* **TASK INSTRUCTIONS**: All that is needed is an exact repetition of the lines from the one containing "Low made was" through the final line of the material, without pictures.

-- Opening Marker --

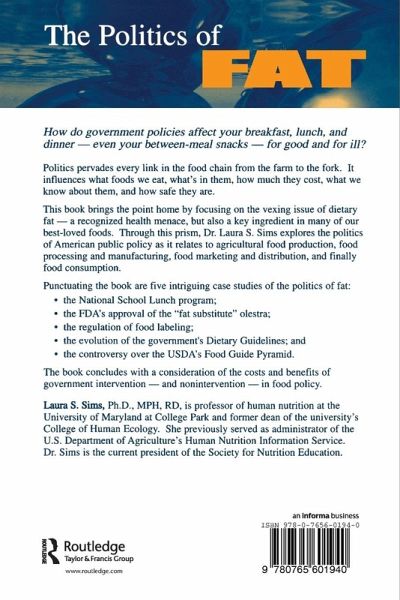 Politics pervades every link in the food chain from the farm to the fork. It influences what foods we eat, how much they cost, what we know about them, and how safe they are. This book brings the point home by focusing on the vexing issue of dietary fat content - known to be a health menace but also an ingredient in many or most of our best-loved foods. Through this prism, Dr. Sims explores the politics of food assistance programmes (with a case study of the National School Lunch programme); agricultural policy (for example, the price premium paid to farmers for milk with high butterfat content); food content (with case studies of food labelling and the approval process for fat substitutes); and dietary change (with a case study of nutrition education programmes). The book concludes with consideration of the costs and benefits of government intervention and nonintervention in food policy from the supply side to the demand side and its consequences for human health (and happiness). "The Politics of Fat" shows how government policy affects not only breakfast, lunch and dinner, but also our between-meal snacks; explores the nexus of health policy and agricultural policy from price supports to trade policy; and is written in an accessible style enlivened by discussion-provoking case studies.
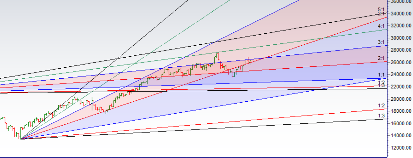Low made was 25622 so failed to do our target of 25420, Now once above gann resistance level of 26350 can see fast rally towards 26666/26800.
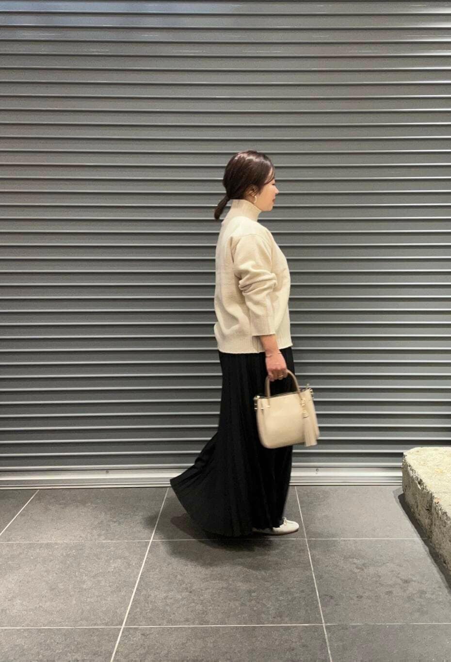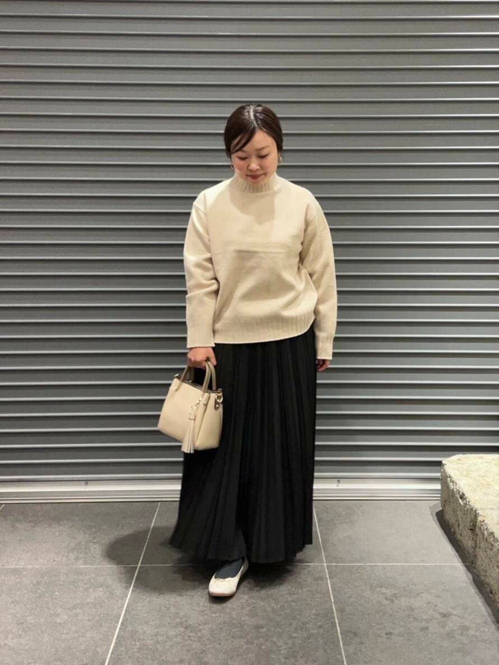 ニットは程よくゆったりシルエットで着やすいデザインです。スカートもウエストゴムなので、ストレスフリー😌
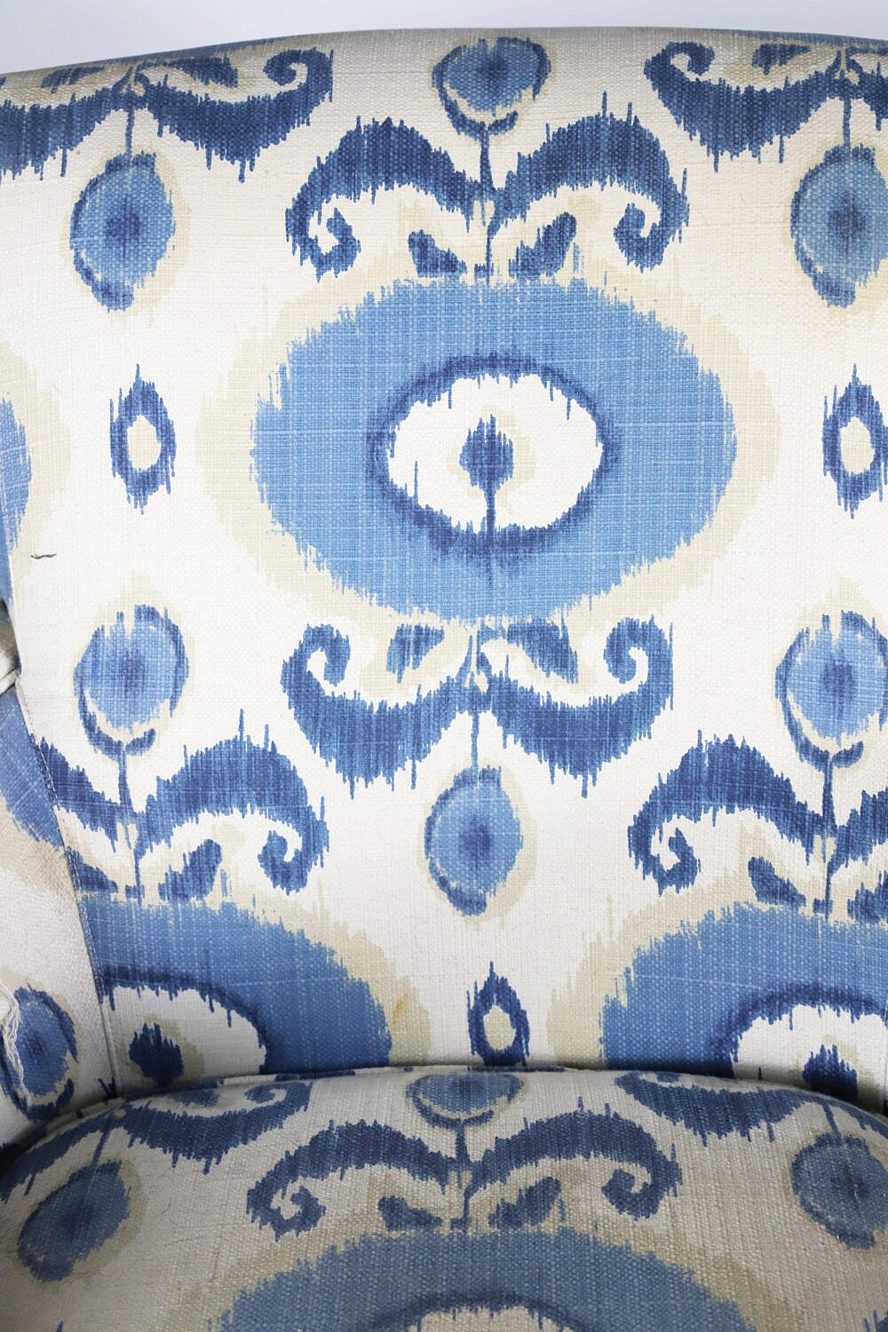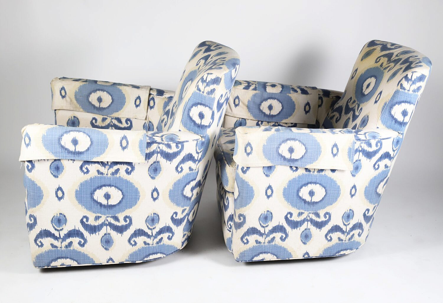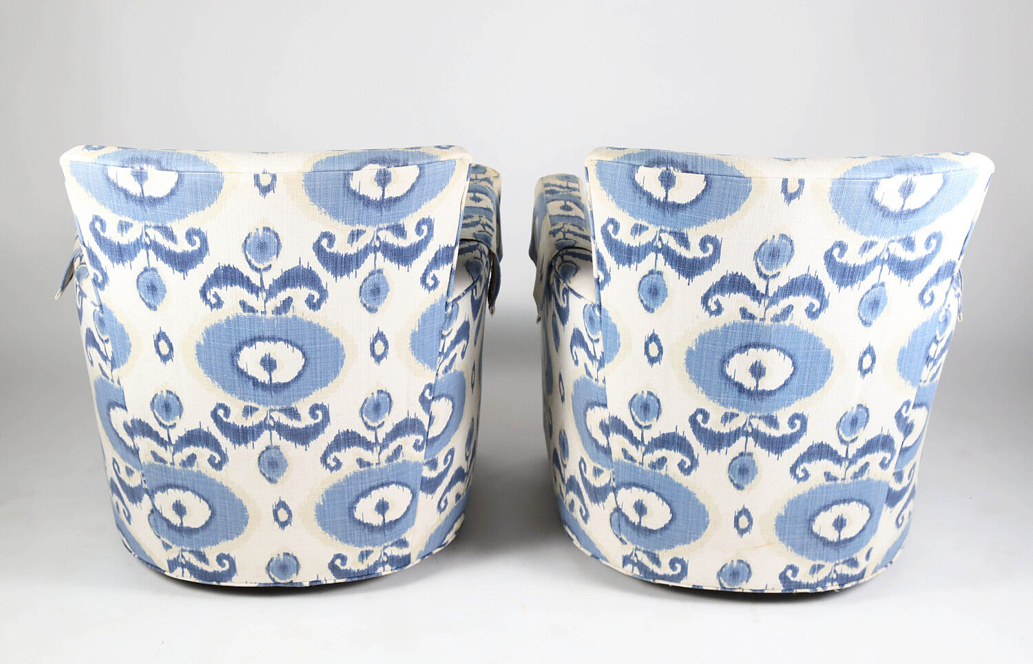 Pair of Lee Craftsmen Blue and White Batik Upholstered Swivel Club Chairs
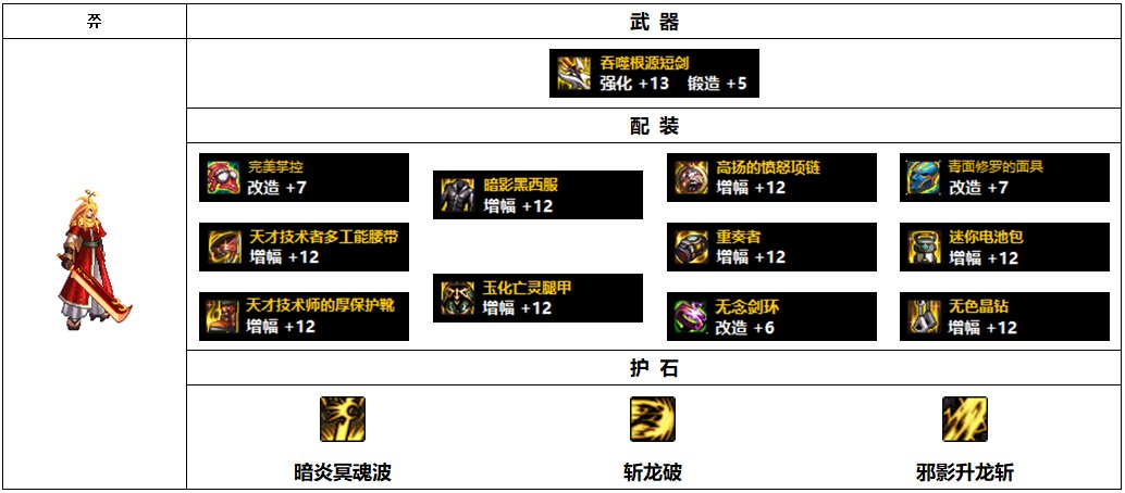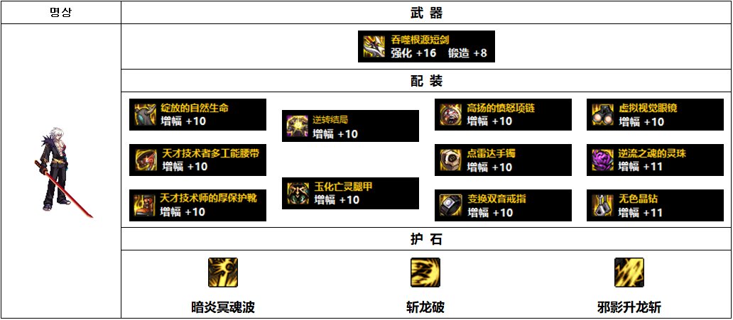 吞噬根源短剑、完美掌控、黑西服、愤怒项链、修罗面具、天才技术师腰鞋、亡灵腿甲、重奏者、无念剑环、迷你电池包、无色晶钻
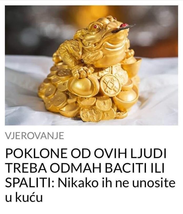 - Ovo je možda nezgodno i neobično za mnoge, ali u mnogim kulturama se vjeruje da negativna energija može biti prenesena na predmete. Poklon od osobe koja nije sretna zbog vašeg uspjeha ili sreće može nositi tužno i loše usmjereno zračenje koje ne donosi ništa dobro u vaš život. Bez obzira na to što takav poklon može izgledati bezopasno, važno je prepoznati ga kao potencijalni izvor problema u vašem domu.
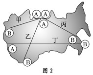 1、图1景观在图2中甲~丁所经地区呈现明显的是

-- Closing Marker --

* **SOLUTION TO THIS TASK**:
Low made was 25622 so failed to do our target of 25420, Now once above gann resistance level of 26350 can see fast rally towards 26666/26800.
 ニットは程よくゆったりシルエットで着やすいデザインです。スカートもウエストゴムなので、ストレスフリー😌
 Pair of Lee Craftsmen Blue and White Batik Upholstered Swivel Club Chairs
 吞噬根源短剑、完美掌控、黑西服、愤怒项链、修罗面具、天才技术师腰鞋、亡灵腿甲、重奏者、无念剑环、迷你电池包、无色晶钻
 - Ovo je možda nezgodno i neobično za mnoge, ali u mnogim kulturama se vjeruje da negativna energija može biti prenesena na predmete. Poklon od osobe koja nije sretna zbog vašeg uspjeha ili sreće može nositi tužno i loše usmjereno zračenje koje ne donosi ništa dobro u vaš život. Bez obzira na to što takav poklon može izgledati bezopasno, važno je prepoznati ga kao potencijalni izvor problema u vašem domu.
 1、图1景观在图2中甲~丁所经地区呈现明显的是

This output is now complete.